What this analysis does show is that even with very limited data, we can
recover a structure that broadly reflects linguistic reality. With
larger samples of text, the results would likely become even more
accurate.
library(stringdist)
lv_data <- c(
Imbabura = "ʧai xaɾikunaka iʃkai punʒapiʒami ʃamunga",
Calderón = "ʧai xaɾikunaka iʃkai punʒapiʒami ʃamunga",
salasaca = "ʧi Kaɾigunaga iʃki Punʎaʎabimi ʃamunga",
Chimborazo = "ʧai Kaɾikunaka iʃki punʎaʎapimi ʃamunga",
Cañar = "ʧai Kaɾikunaka iʃkai punʐaʎapimi ʃamunga",
Loja = "ʧai Kaɾikunaka iʃkai punʐaʎapimi ʃamunga",
Tena = "ʧi kaɾiunaga iʃki punʐaʎaimi ʃamunga",
Napo = "ʧi kaɾigunaga iʃkai punʧaʎaimi ʃamunga",
Pastaza = "ʧi kaɾigunaga iʃkai punʐaʎaimi ʃamunga",
Unificado = "ʧai kaɾikunaka iʃkai punʎaʎapimi ʃamunka",
Cuzco = "ʧai qaɾikunaqa iskai Punchawllapim xamunqa"
)
dm <- stringdistmatrix(lv_data, method = "lv")
dm_mat <- as.matrix(dm)
rownames(dm_mat) <- names(lv_data)
colnames(dm_mat) <- names(lv_data)
View(dm_mat)
d=as.dist(dm_mat)
plot(hclust(d,"complete"))
plot(hclust(d,"ward.D2"))
plot(hclust(d,"average"))
plot(hclust(d,"single"))
Translations → Distances → Clusters (Romance)

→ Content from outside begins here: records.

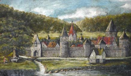 | Keywords: Burg-Elverfeld.jpg de Das Bild befindet sich in der Sammlung des Historischen Zentrums Wuppertal Reproduktion des Gemäldes Burg Elverfeld im 12 Jahrhundert Künstler unbekannt 1700 lt Aufschrift PD-old Wuppertal in art Paintings in the Historisches Zentrum Wuppertal Burg Elberfeld Wuppertal in the 12th century 1700 paintings Wupper in Wuppertal in art Castles of Germany in art 18th-century paintings in Germany | ||||
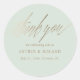 Você vai adorar este elegante e moderno adesivo de favores de casamento que apresenta um vago e vago ouro metálico "Obrigado" em um fundo verde de sábio pálido, acrescentando um toque elegante e pessoal aos seus favores de casamento. Personalize com seus nomes e data de casamento para criar uma manutenção exclusiva para seus convidados. A simples e sofisticada design complementa perfeitamente qualquer tema de casamento, fazer que seja um belo toque final para o seu dia especial.
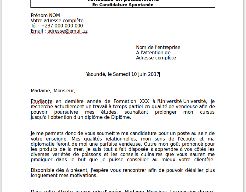 Espaces, j'ai réalisé au cours de mes études des travaux qui m'ont permis d'apprécier le travail sur le terrain et. 1/ aller pécher une lettre type sur internet en tapant « lettre de motivation gratuite, commercial, banque » ou bien encore « lettre de motivation vendeuse ». Pour vous aider dans vos recherches de jobs, stages ou premier emploi, l'etudiant met à votre disposition plus de 300 modèles gratuits de lettres de motivation et de cv. Vous pouvez le copier/coller dans votre traitement de texte ou encore cliquer sur le lien plus bas. Vous ne trouverez jamais la lettre de motivation correspondant exactement à votre recherche puisque par définition une lettre de motivation est personnelle et répond à une demande précise.
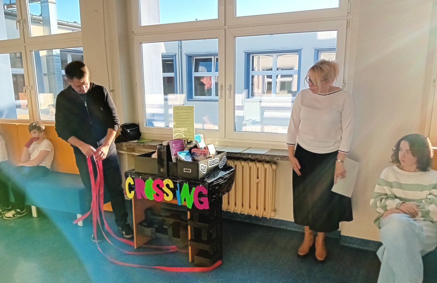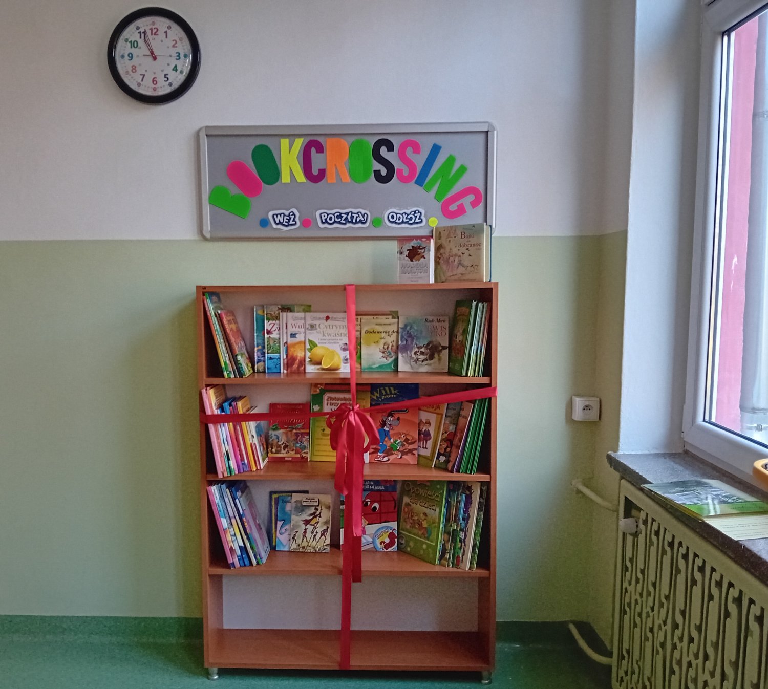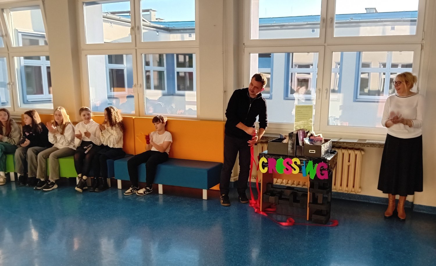 Zebrani poznali ideę bookcrossingu, a pan dyrektor Jarosław Jaroszewicz i pani dyrektor Mariola Ludynia podkreślili jego wznowienie w symboliczny sposób poprzez rozwiązanie kokardy z czerwonej wstążki.
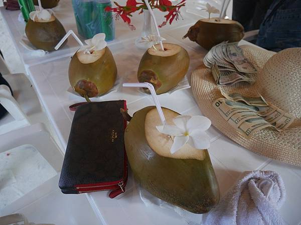 當地人很熱情給我們椰子迎賓飲料~跟花圈~
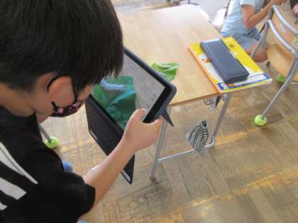 6月16日(水)授業風景〜4校時3年総合〜 公開日 2021/06/16 更新日 2021/06/16 できごと 3年生の総合では、カイコを育て、カイコについて調べています。飼育しているカイコもだいぶ大きくなってきました。もう目が離せなくなっています。葉もたくさん食べるようになりました。繭を作りそうなものも出てきました。子どもたちはタブレットのカメラを使い成長の記録をとっています。
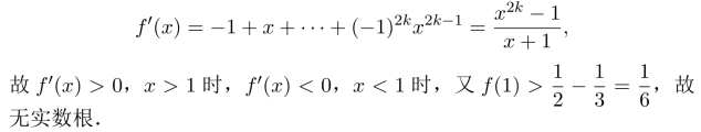 当x∈R时,f′(x)<0,故f′(x)单调减少,又f(0)=1,f(x)<0,当x>1时,故存在唯一实根.
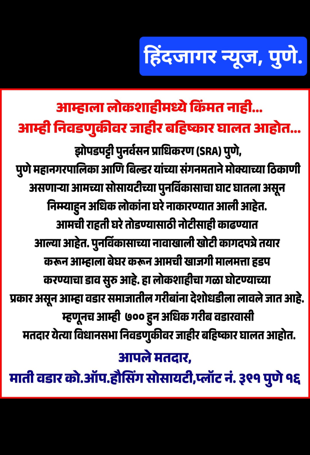 पुणे महानगरपालिका आणि बिल्डर यांच्या संगनमताने आमची राहती घरे तोडण्यासाठी नोटीसाही काढण्यात आल्या आहेत असे आरोप राजेश जाधव यांनी पुढे केले.आम्हाला लोकशाहीमध्ये किंमत नाही.आम्ही निवडणुकीवर जाहीर बहिष्कार घालत आहात… पुनरविकासाच्या नावाखाली खोटीकागदप्रेतयार करून आम्हाला बेघर करून आमची खाजगी मालमत्ता हडपक रण्याचा डाव आहेः हा लाकशाहाचा गळा घोटण्याच्या प्रकार असून आ्हा वडार समाजातील गरीबांना देशोधडीला लावले जात आहे.म्हणूनच आम्ही ७०० हुन अधिक गरीब वडारासी मतदार येत्या विधानसभा निवडणुकीवर जाहीर बहिष्कार घालत आहोत अशा तीव्र शब्दात विरोध केला आहे तसेच येणाऱ्या विधानसभा निवडणुकीवर बहिष्कार टाकत असल्याचे निवेदन जिल्हाधिकारी यांना देण्यात येणार आहे.

Download this Excel file Romance
Part A — Build the dataset (58 varieties)
1. Tokenize & label the eight slots (Plus language name):
| Language | She | always | close | the | window | before | of | dining |
|---|---|---|---|---|---|---|---|---|
| Latin | ea | semper | claudit | XX | fenestram | antequam | XX | cenat |
| French | ella | toujours | ferme | la | fenêtre | avant | de | dîner |
2. Enter cognates per variety. If a slot has no word, write XX
(exactly those two letters).
Text to Columns in Excel will help out a bit processing
the data.
Part B — Manually Build the fist two clusters Show
the steps to build the first two language clusters using the complete
method.
For example - Show the matrix.
- Highlight the smallest number minimum number.

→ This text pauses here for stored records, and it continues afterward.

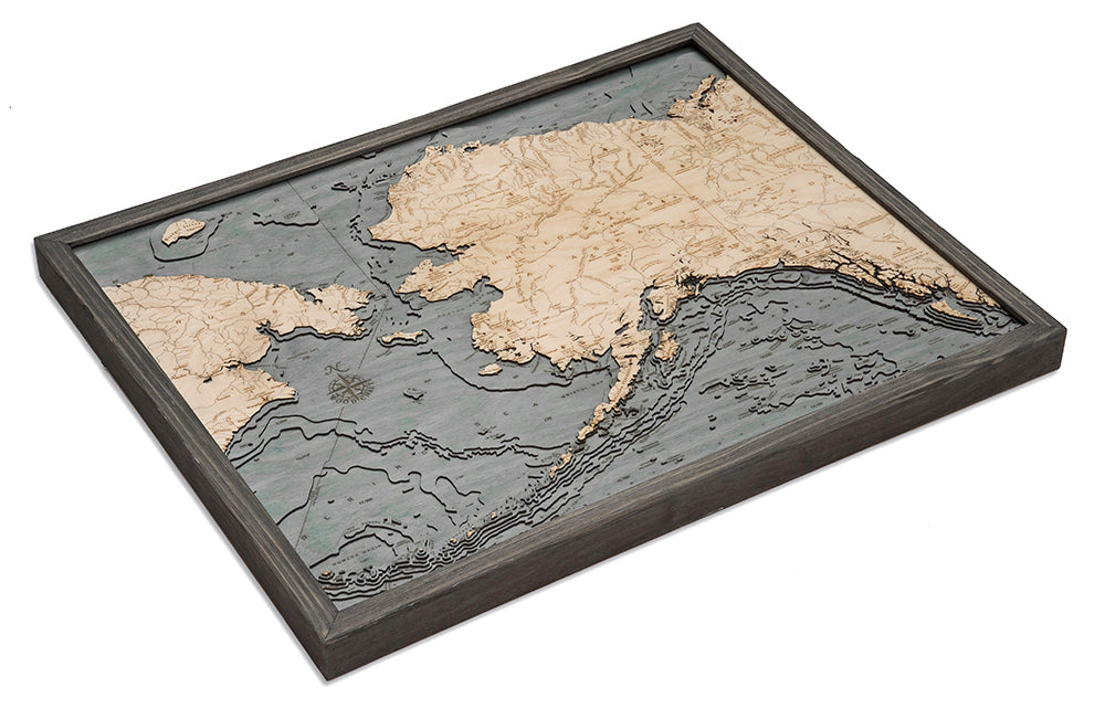 Alaska 3-D Nautical Wood Chart, Large, 24.5" x 31"
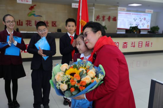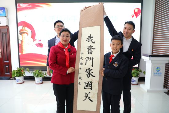 隊員徐晟竣:“吳奶奶,您用全部熱情服務身邊的人,您的奮斗精神讓我敬佩。您把居民當親人,帶領大家把社區(qū)建設得這么美,所以我寫下‘我奮斗 家國美’送給您。作為新時代的小學生,我要努力增長本領,將來像您一樣,為祖國建設貢獻自己的力量!”
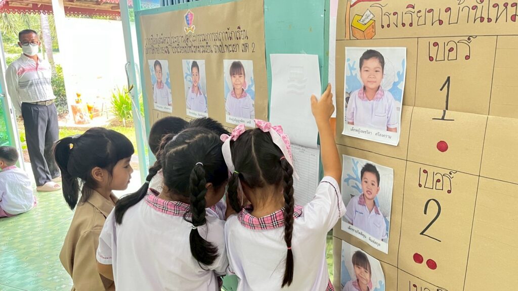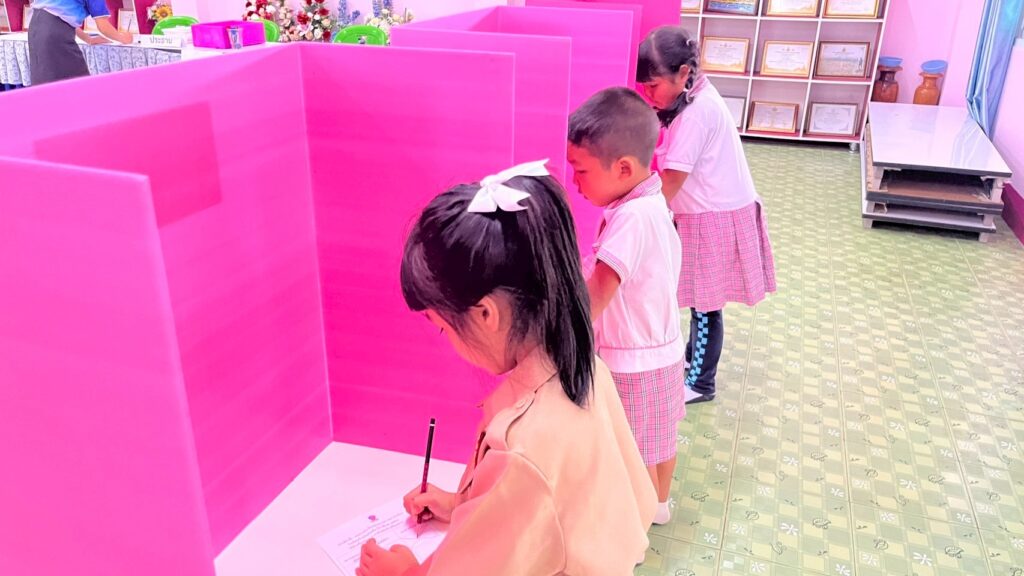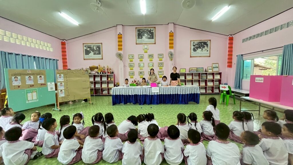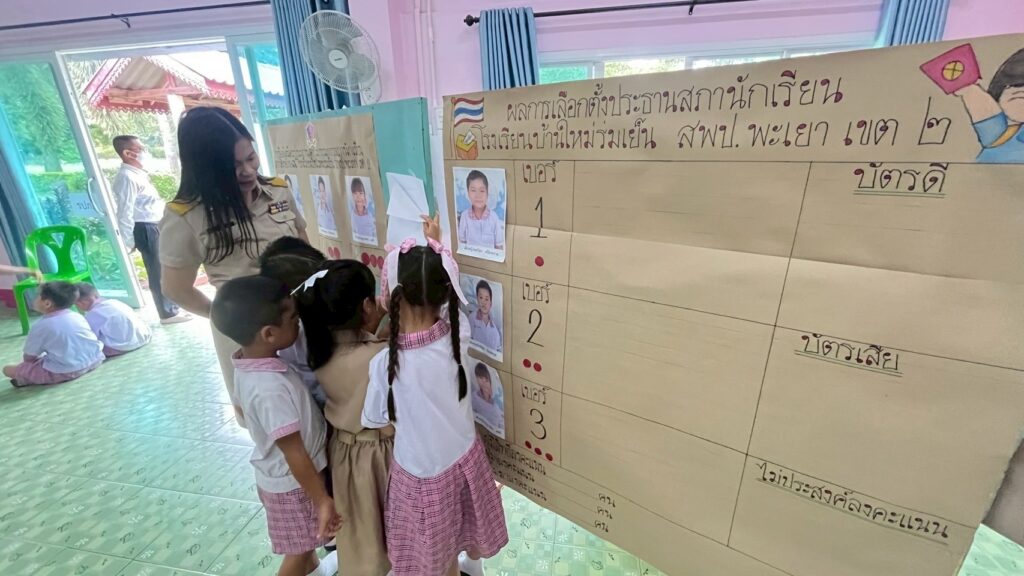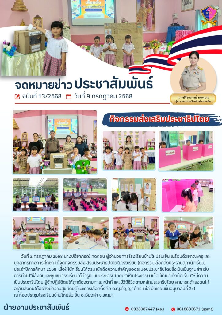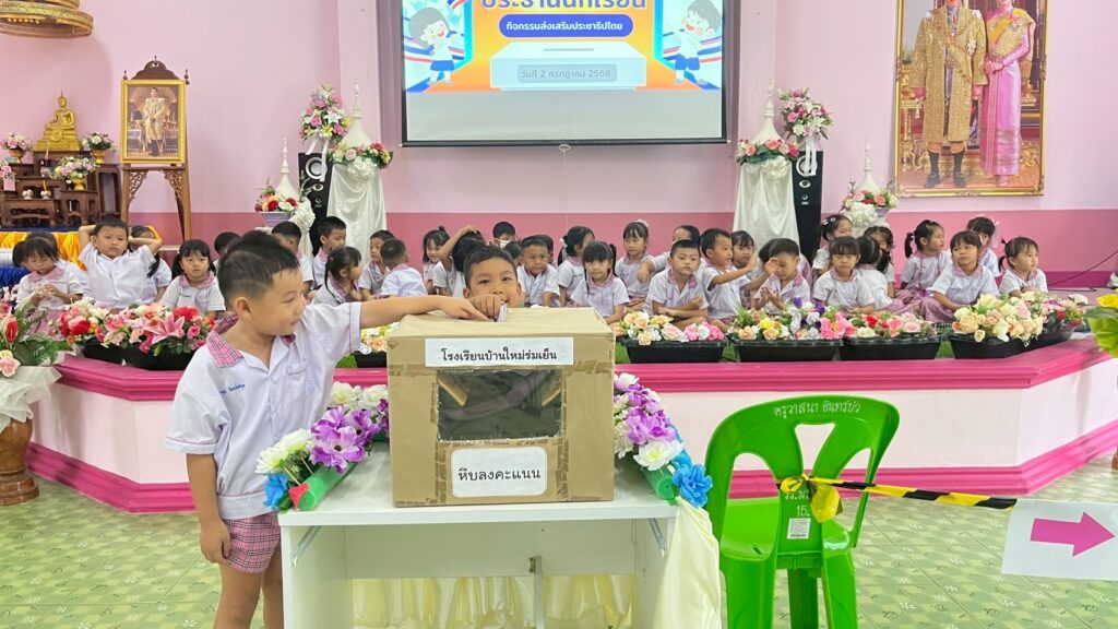 วันที่ 2 กรกฎาคม 2568 นางปรียาภรณ์ ทดดอน ผู้อำนวยการโรงเรียนบ้านใหม่ร่มเย็น พร้อมด้วยคณะครูและบุคลากรทางการศึกษา ได้จัดกิจกรรมส่งเสริมประชาธิปไตยในโรงเรียน (กิจกรรมเลือกตั้งประธานสภานักเรียน) ประจำปีการศึกษา 2568 เพื่อให้นักเรียนได้ตระหนักถึงความสำคัญของระบอบประชาธิปไตยซึ่งเป็นพื้นฐานสำหรับการนำไปใช้สังคมและชุมชน โรงเรียนได้นำรูปแบบประชาธิปไตยมาใช้ในโรงเรียน เพื่อพัฒนาเด็กนักเรียนให้มีความเป็นประชาธิปไตย รู้จักปฏิบัติตนให้ถูกต้องตามภาระหน้าที่ และมีวิถีชีวิตตามหลักประชาธิปไตย สามารถดำรงตนให้อยู่ในสังคมได้อย่างมีความสุข โดยผู้ชนะการเลือกตั้งคือ ด.ญ.กัญญาภัทร แซ่ลี นักเรียนชั้นอนุบาลปีที่ 3/1 ณ ห้องประชุมโรงเรียนบ้านใหม่ร่มเย็น อ.เชียงคำ จ.พะเยา

- Cluster the language pair in a dendrogram (you can use paint).
- Then merge the language pairs appropriately - Repeat for the next
smallest number

Part D — Compute distances & cluster the full set in
R
Use the exact tokens you entered (including XX) to keep alignment
comparable.
Here’s an example:
lv_data <- c(
Latin = "ea semper claudit XX fenestram antequam XX cenat",
French = "elle toujours ferme la fenêtre avant de dîner"
)
A few things to note:
1. The last entry does not end with a comma
(,).
2. If a language name has a space, use an underscore (_)
instead e.g., Media Lengua →
Media_Lengua
3. If a language name has an extended ASCII character (HEX
80 and beyond), you’ll need to change it to standard (HEX
0-7F) character.
4. If you copy directly from Excel into EditPad Lite, you’ll end up with
tabs rather than spaces. I don’t know if this will be processed the same
(feel free to find out for me), so I would recommend replacing tabs
(\t) with spaces ().
5. Make sure there’s no space after the open quote ("), or
a space before the closing quote (").
6. There will likely be other errors as you attempt to load the entire
dataset into R. You’ll need to figure out what’s causing the error and
fix it.
Discuss the results (no more than a paragraph or two)!